Quentin Dodd is a Wabash College network administrator by day but novelist in his free time. His off-beat books Beatnit Rutabas From Beyond the Stars and The Princess of Neptune gained him recognition in the field of juvenile fiction.

His latest work “Zorg and Andy,” has been made into a film which was partially filmed on the Wabash College campus. The movie even features a few familiar Wabash faces.

Dodd’s big moment arrives Saturday in Shelbyville, Indiana, when the movie will make its world premiere. “Zorg and Andy” is just one film on the list on Tromadance Indiana which runs Friday through Sunday in Shelbyville’s historic Strand Theatre.

Admission is free and no fees were charged to the filmmakers to participate in the festival.

“Zorg and Andy” will screen at 12:36 p.m. Saturday. The theatre is at 215 South Harrison St., Shelbyville.

“This was the first movie I've worked on in a production capacity, and it was surprising to see how much the story changes as it goes from words on paper to an actual film.” Dodd said. ”Everybody — the actors, the editor, the guy who made the props — puts their interpretation into it and we end up with something that we didn't quite expect. I mean that in a good way, though. It's the unpredictability that makes it exciting. And terrifying. But mostly exciting.”

The movie has a definite Wabash flavor with Trevor Fanning '00, Marco Noyola '96, and Nick
Kraynak in the cast. (Noyola was also the production designer.)

Guy Davis, the director, is a former Wabash employee. There were a number of Wabash students and employees as "background artists," too, including  Application Developer Mark Siegel and English Professor Tom Campbell as loincloth-wearing cultists!

“I'm very proud of the post-production work,” Dodd said. “Guy Davis, the director, spent a lot of time working on sound, color, and editing in post-production, and he did a great job. They're the kind of things that no one notices if they're done right, but they can cause a lot of problems if you don't take care of them. I'm still traumatized about losing some of our best jokes in the editing room, but that's the way it goes. A merciless editor is a movie's best friend.”

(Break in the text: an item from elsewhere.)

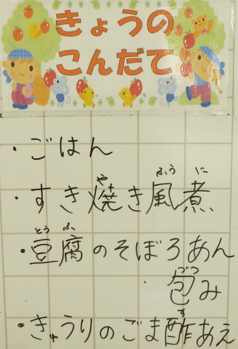 きゅうりのゴマ酢和えは、酢とゴマの香りがよく聞いた、さっぱり系の一品。子ども達も、そして職員も、お腹いっぱい給食を食べて、お昼からのスキー、がんばりました!
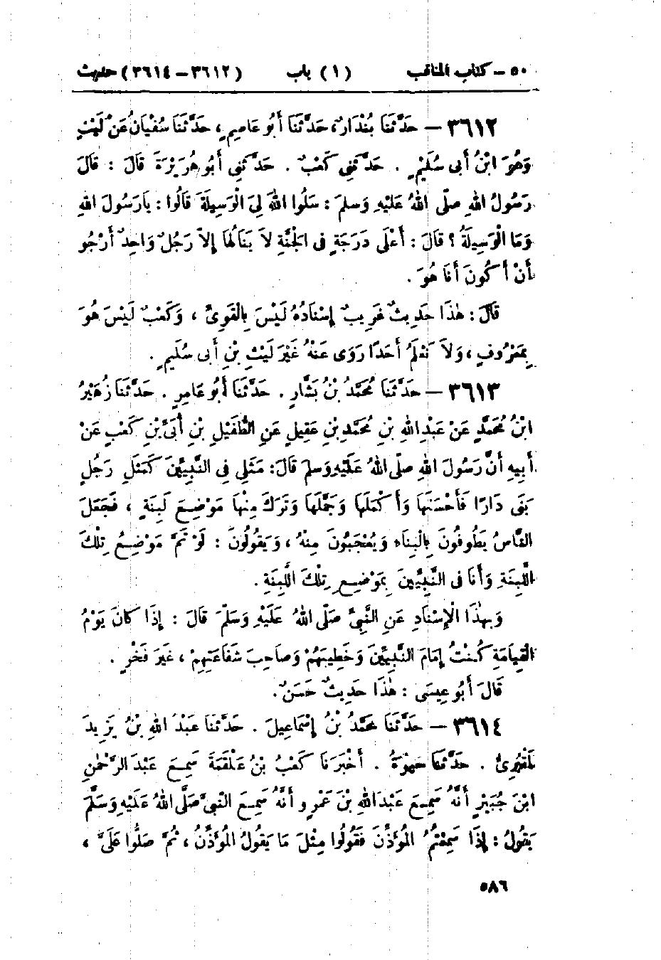 3614 - حَدَّثَنَا مُحَمَّدُ بْنُ إِسْمَاعِيلَ قَالَ: حَدَّثَنَا عَبْدُ اللَّهِ بْنُ يَزِيدَ الْمُقْرِئُ قَالَ: حَدَّثَنَا حَيْوَةُ قَالَ: أَخْبَرَنَا كَعْبُ بْنُ عَلْقَمَةَ، سَمِعَ عَبْدَ الرَّحْمَنِ بْنَ جُبَيْرٍ، أَنَّهُ سَمِعَ عَبْدَ اللَّهِ بْنَ عَمْرٍو، أَنَّهُ سَمِعَ النَّبِيَّ صَلَّى اللَّهُ عَلَيْهِ وَسَلَّمَ يَقُولُ: «§إِذَا سَمِعْتُمُ المُؤَذِّنَ فَقُولُوا مِثْلَ مَا يَقُولُ، ثُمَّ صَلُّوا عَلَيَّ، -[587]- فَإِنَّهُ مَنْ صَلَّى عَلَيَّ صَلَاةً صَلَّى اللَّهُ عَلَيْهِ بِهَا عَشْرًا، ثُمَّ سَلُوا لِيَ الوَسِيلَةَ فَإِنَّهَا مَنْزِلَةٌ فِي الجَنَّةِ لَا تَنْبَغِي إِلَّا لِعَبْدٍ مِنْ عِبَادِ اللَّهِ وَأَرْجُو أَنْ أَكُونَ أَنَا هُوَ، وَمَنْ سَأَلَ لِيَ الوَسِيلَةَ حَلَّتْ عَلَيْهِ الشَّفَاعَةُ»: «هَذَا حَدِيثٌ حَسَنٌ صَحِيحٌ» قَالَ مُحَمَّدٌ: عَبْدُ الرَّحْمَنِ بْنُ جُبَيْرٍ هَذَا قُرَشِيٌّ وَهُوَ مِصْرِيٌّ وَعَبْدُ الرَّحْمَنِ بْنُ جُبَيْرِ بْنِ نُفَيْرٍ شَامِيٌّ

The film was shot, in part, at Wabash during Spring of 2006. Now that the film is about to be screened, Dodd is feeling the anticipation.

“I'll probably be a nervous wreck during the actual screening,” he admitted. “There's a good chance I'll spend most of the time looking around and thinking things like, ‘Is anybody laughing? Are they laughing in the right places? Are they laughing enough?’"

And if you can’t make it to Shelbyville Saturday afternoon, Dodd will have DVD copies for sale.

“We just got our first batch of DVDs from the DVD factory, so they should be available soon, both through the website and from the trunk of my car.”